L’attentisme pourrait se prolonger, car “on est en période pré-électorale et on voit qu’il y a beaucoup d’agitation autour de la fiscalité”, observe Paul Younès, directeur général adjoint de l’Union Financière de France, société de gestion de patrimoine.
Plus inquiétant, la mauvaise passe ne concerne pas que le ralentissement des versements, mais aussi l’accélération des rachats ou retraits. Le mouvement s’est amorcé à l’automne dernier, s’est poursuivi au premier trimestre 2011 et inquiète car il n’est pas clairement compris. “Un des facteurs d’explication pourrait être lié au fait qu’un nombre important d’épargnants puisent dans leur contrat d’assurance vie pour compléter leur retraite”, avance M. Cornu.
Pour autant, selon les chiffres de la Caisse nationale d’assurance vieillesse (Cnav), le nombre de personnes ayant exercé leur droit à la retraite est plutôt en baisse en 2010 par rapport aux années précédentes.

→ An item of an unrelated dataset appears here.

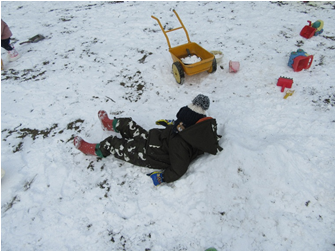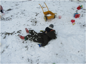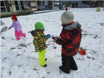 雪玉を作ったり、雪の上に寝てみたり、雪を運んだり・・・雪って面白い!雪遊び楽しいな!

M. Younès évoque lui le cas d’épargnants titulaires de contrats en unités de compte (à capital non garanti et qui sont souvent investis en actions), malmenés par la crise financière, qui “se disent qu’avec l’embellie boursière, c’est le moment de sortir”. “Notre crainte, c’est qu’on ait de nouveau une collecte nette négative (mensuelle) en 2011”, explique M. Cornu, ce qui n’est arrivé que deux fois dans l’histoire de la FFSA, en octobre et décembre 2008, au plus fort de la crise financière.